Fig. 5 ∣. Representative images of a successful SRI.
a,b, Representative fundus photo (left) and flat mounts stained for ZO-1 (red, right). The pictures depict the classical phenotypic characteristics of mice administered with SRI of PBS (a, no degeneration) or Alu RNA (b, note focal hypopigmentation). Blue triangle, injection site. Scale bars, 20 μm. c,d, Representative fundus photo (left) and fluorescent micrographs of 10-μm-thick retinal sections labeled with DAPI and anti-Cre in C57BL/6J mice after injection of AAV2-hRPE(0.8)-iCre-WPRE (c) or AAV2-CMV-Null (d). Note the Cre expression 10 d after injection shown by white arrowheads (c). Scale bars, 100 μm. WPRE, woodchuck hepatitis posttranscriptional regulatory element.

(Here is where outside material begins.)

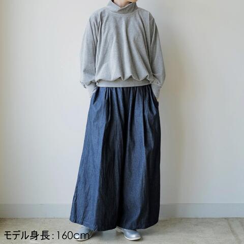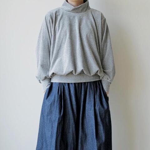 裾と袖口の幅広リブが自然なギャザーを生み、落ち感のある生地が優雅なドレープを描きます。

Mouse euthanasia and enucleation ● Timing 10–15 min per mouse
▲ CRITICAL (Optional) A laser spot can be administered around the optic nerve on the opposite side of the injection site to enable beginners to better identify the injection site and keep it intact in the following procedures. Laser strength should be adjusted to enable creation of a small air bubble in the subretinal space for a choroidal neovascularization (CNV) induction. More details of the laser induction can be found in a published protocol for CNV development in mice56. It is important to avoid laser impacts to the retinal vessels to prevent intraocular hemorrhage.
! CAUTION Use protective goggles to filter the wavelength of the laser to protect the eyes.
-
24
Euthanize mice following your approved protocol. We humanely euthanize the mice in a carbon dioxide chamber, using cervical dislocation as a secondary method of euthanasia.
-
25
Perform enucleation by inserting a curved Vannas scissor and cutting the four recti muscle at their insertion on the globe. Lift the eyeball, and cut the optic nerve. Collect the eye, and remove excess periocular muscles in PBS.
▲ CRITICAL STEP Careful manipulation of the eyeball is necessary during enucleation to prevent inadvertent opening up of the sclerotomy and collapse of the eyeball.
▲ CRITICAL STEP Perform Steps 25–26 on each mouse individually. Do not simultaneously euthanize and enucleate multiple mice.
(Optional) RPE and choroidal flat mounts ● Timing 3 h over 2 d
-
26
Fix the eye in 1 ml 2% PFA for 30 min at 4 °C.
-
27
Remove the anterior segment, lens, and retina, and apply four complete radial cuts in the RPE/choroid/sclera complex.
▲ CRITICAL STEP Radial cuts should be carefully placed to prevent injury to the injected area. Keeping the sclerotomy and the retinotomy on the same axis (Step 15) and laser-induced marker (Step 24) are two auxiliary ways to ensure the radical cuts are away from the injection area.
-
28
Wash with PBS three times, TBS three times and TBS-Triton-X (0.2%) three times.
-
29
Incubate RPE flat mounts with 400 μl of blocking buffer (0.75 g bovine serum albumin in 50 ml TBS-T) for 1 h in a rocker at 4 °C.
-
30
Incubate the RPE flat mounts overnight in a rocking platform at 4 °C with a primary antibody that targets the protein of interest such as Alexa Fluor 549-conjugated mouse ZO-1 (diluted 1:100 in blocking buffer).
-
31
Wash with TBS-T three times. If the primary antibody is conjugated (such as Alexa Fluor 549-conjugated mouse ZO-1), skip to Step 35.
-
32
Incubate the tissue section with appropriate secondary antibodies (such as goat anti-rabbit IgG (H+L), Alexa Fluor 594 conjugate if the primary antibody isotype is from rabbit) for 1 h. The conjugate of the secondary antibody can be chosen as needed.
-
33
Wash with TBS-T three times.
-
34
Wash with TBS five times, then mount the samples on glass slides with RPE layer face up using anti-fade mounting medium.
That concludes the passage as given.